New York

Ad Dekkers

Rosa Esman Gallery

Ad Dekkers’ work—in common with Buchwald’s and Stella’s—sets out to make pictorial space literal. And that’s as far as any similarity between his work and that of the other two goes. Dekkers is Dutch, and, according to the catalogue of his show, has from the first (1960) endeavored to literalize the space of painting as that is represented—exclusively—by the work of Mondrian. Furthermore, Dekkers is interested in Mondrian sans Mondrian’s color.

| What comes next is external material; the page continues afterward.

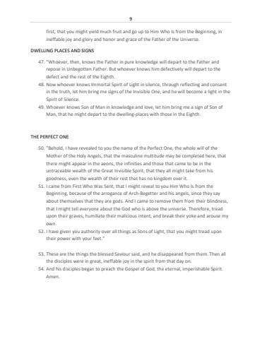 9first, that you might yield much fruit and go up to Him Who Is from the Beginning, in ineffable joy and glory and honor and grace of the Father of the Universe.DWELLING PLACES AND SIGNS47. \repose in Unbegotten Father. But whoever knows him defectively will depart to the defect and the rest of the Eighth. 48. Now whoever knows Immortal Spirit of Light in silence, through reflecting and consent in the truth, let him bring me signs of the Invisible One, and he will become a light in the Spirit of Silence. 49. Whoever knows Son of Man in knowledge and love, let him bring me a sign of Son of Man, that he might depart to the dwelling-places with those in the Eighth.THE PERFECT ONE50. \Mother of the Holy Angels, that the masculine multitude may be completed here, that there might appear in the aeons, the infinities and those that came to be in the untraceable wealth of the Great Invisible Spirit, that they all might take from his goodness, even the wealth of their rest that has no kingdom over it. 51. I came from First Who Was Sent, that I might reveal to you Him Who Is from the Beginning, because of the arrogance of Arch-Begetter and his angels, since they say about themselves that they are gods. And I came to remove them from their blindness, that I might tell everyone about the God who is above the universe. Therefore, tread upon their graves, humiliate their malicious intent, and break their yoke and arouse my own. 52. I have given you authority over all things as Sons of Light, that you might tread upon their power with your feet.\53. These are the things the blessed Saviour said, and he disappeared from them. Then all the disciples were in great, ineffable joy in the spirit from that day on.54. And his disciples began to preach the Gospel of God, the eternal, imperishable Spirit. Amen.

The catalogue relates Dekkers’ work—which is either white or, in the case of the drawings, translucent—to a painting Mondrian made in 1918, Losangique with Grey Lines. Dekkers takes from Mondrian the grid’s capacity to vibrate. He is concerned to contrast that capacity with line that’s present as a physical signifier, either line that’s engraved—Relief with 18 Sawn Grooves, 1965—or line that’s drawn on both sides of a sheet of paper. The drawings are, for me, the most interesting of Dekkers’ work. In them he suspends the paper between two penciled grids made up of line whose thickness doesn’t seem arbitrary, but may instead be read as the result of strictures set up by the overall format of the piece, which is a way of saying that it’s in the drawings that Dekkers seems closest to Mondrian. The paper causes the lines on its back to read as grayer than those on the front, and this brings about a convergence of the physical and the “optical” which is extremely satisfying.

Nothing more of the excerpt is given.